Required work: Please repeat exactly the lines below from the line with "Coordonnées WGS84 : X: 4.37844800" to the line with "Código: 30016 Modelo: HILUX", including both, and leave out every picture.

Extracted records:
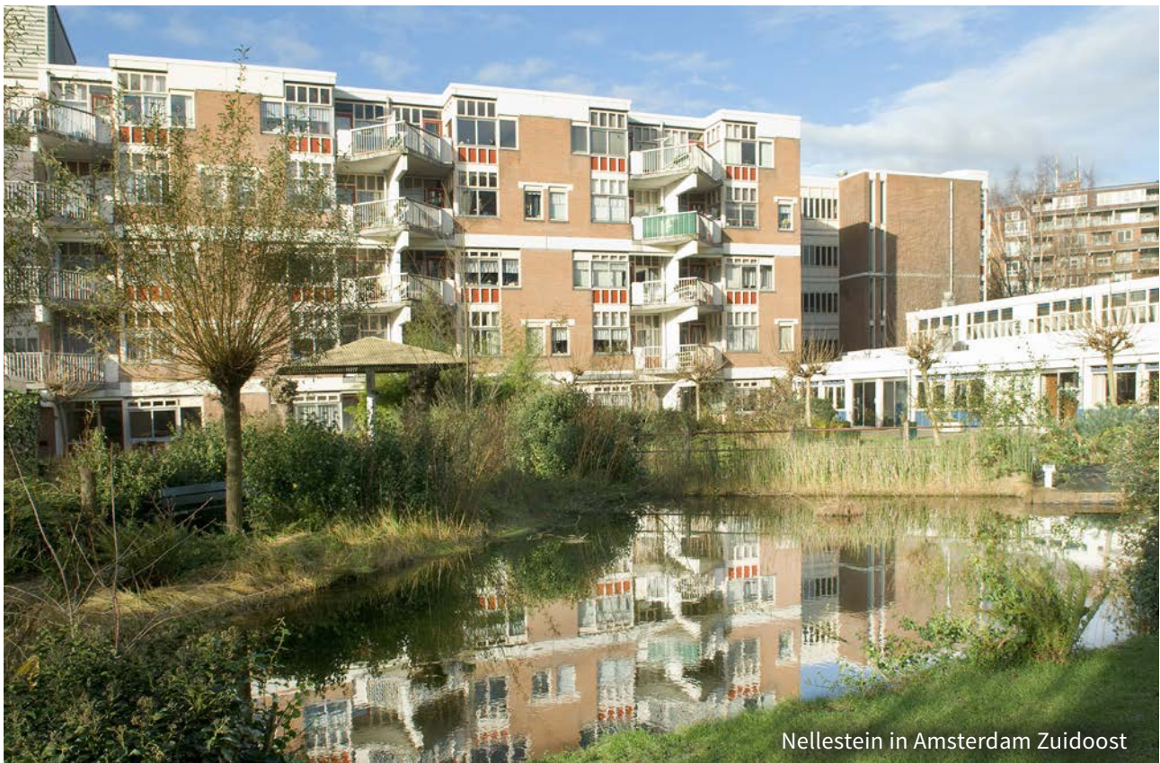
Nellestein in Amsterdam Zuidoost
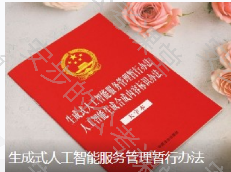
生成式人工智能服务管理暂行办法

【案例展示】 国家互联网信息办公室等部门发布《生成式人工智能服务管理暂行办法》，明确禁止生成违法、偏见、侵犯隐私的内容，从法律层面为 AI 划定“向善”的底线。
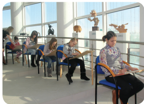
Культурно-образовательные мероприятия музея
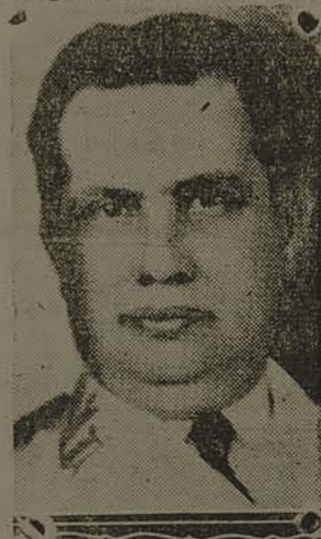
GAL. GO'ES MONTEIRO
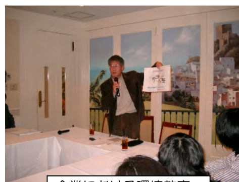
企業における環境教育
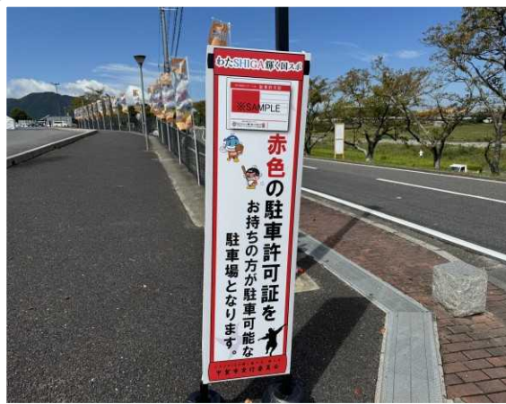
【甲賀市】 駐車場の表示看板
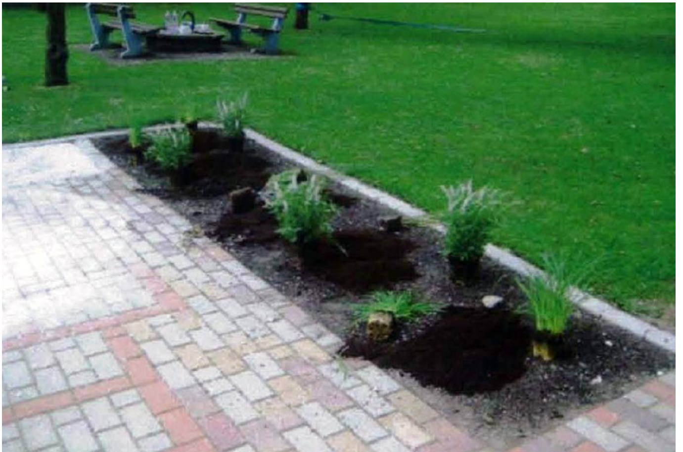
_ VS Dürnbach
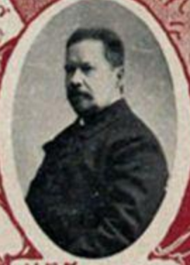
И. В. ГОДЕВЪ, посланникъ въ Берлинъ.
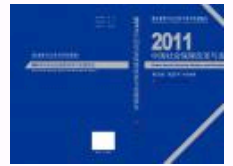
《2011年中国社会保障改革与发展报告》已出版
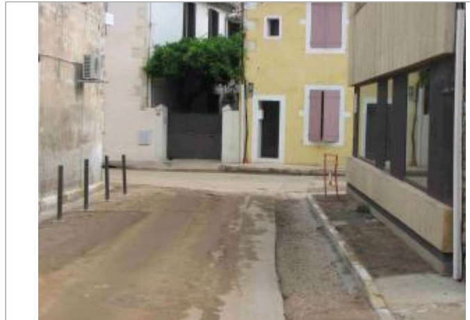
Vue du site - Auteur : Hydro Logik Ingénierie

Coordonnées WGS84 : X: 4.37844800 / Y: 43.79569000
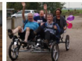
De Quattrocycle in gebruik.
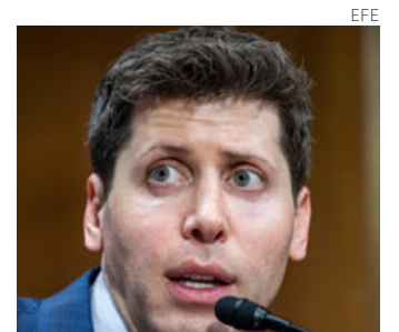
Sam Altman en el Congreso.

“Eso podría suceder de muchas maneras. Es por lo que iniciamos la compañía”, dijo, añadiendo que su empresa quiere trabajar con el Gobierno para evitar que ocurra.
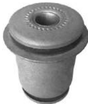
Código: 30016 Modelo: HILUX SW4 Nº Original: 48654-0K050 Buje parrilla del. Inferior parte anterior
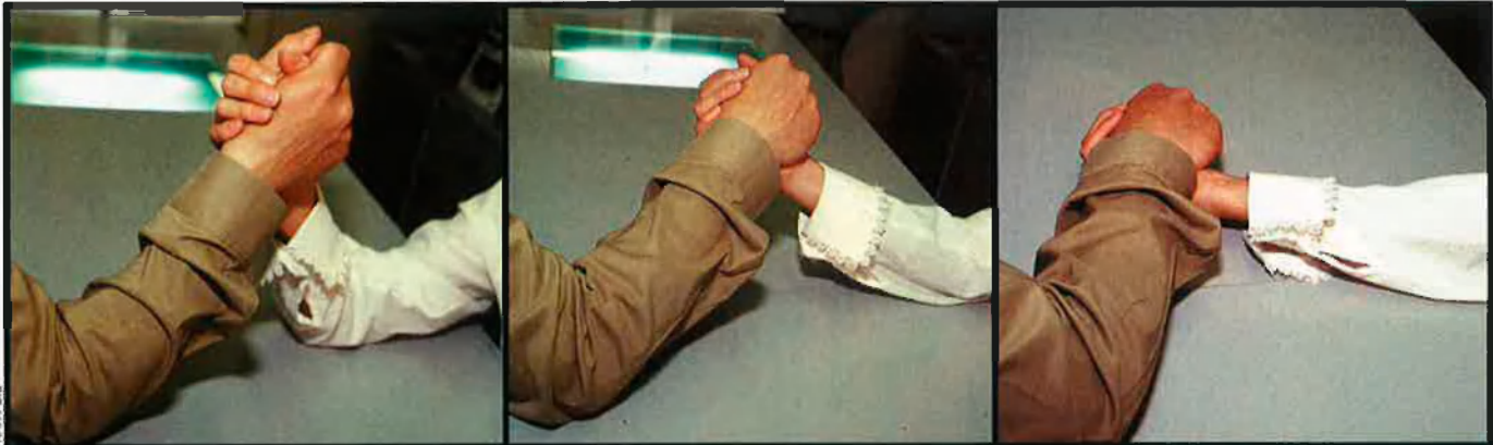
La sèrie d'imatges escenifica el pols en la batalla dels sexes entre homes i dones. L'emulació dels aspectes més criticables del comportament masculí ha estat entesa per algunes dones com un signe d'igualtat. El camí, però, hauria de basar-se en la pròpia evolució.

com ho varen ser les feministes dels 70, sinó que busquen fixar el seu paper d'igualtat en el si individual, en la lluita pròpia no col·lectiva. Les èpoques han canviat, i els objectius aconseguits hi són presents, però no tenen temps per pensar en la resta de les dones. Han acceptat que el poder econòmic, polític i executiu encara continua en mans dels homes, i pensen d'aconseguir el seu propi poder com a persones, no com a dones.
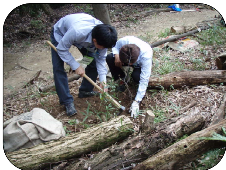
植樹方法の技術講習

参加者からは、「この講習会で学んだ内容を自分達の活動地でも実践したい」との声も聞かれ、有意義な講習となりました。
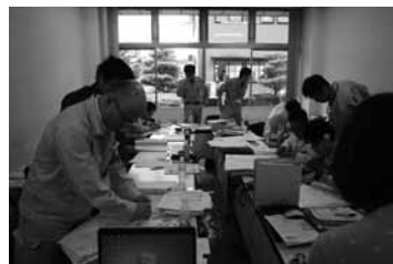
▲御船町役場にて罹災証明の事務を進める

保険や公的支援の手続きには罹災証明が必要だが、被害調査は1日で40戸（1チーム）が精一杯の状況だった。 道路はおおむね通行でき、水道や電気もほぼ復旧している状況で、店舗も営業を再開していた

Task answer:
Coordonnées WGS84 : X: 4.37844800 / Y: 43.79569000
De Quattrocycle in gebruik.
Sam Altman en el Congreso.

“Eso podría suceder de muchas maneras. Es por lo que iniciamos la compañía”, dijo, añadiendo que su empresa quiere trabajar con el Gobierno para evitar que ocurra.
Código: 30016 Modelo: HILUX SW4 Nº Original: 48654-0K050 Buje parrilla del. Inferior parte anterior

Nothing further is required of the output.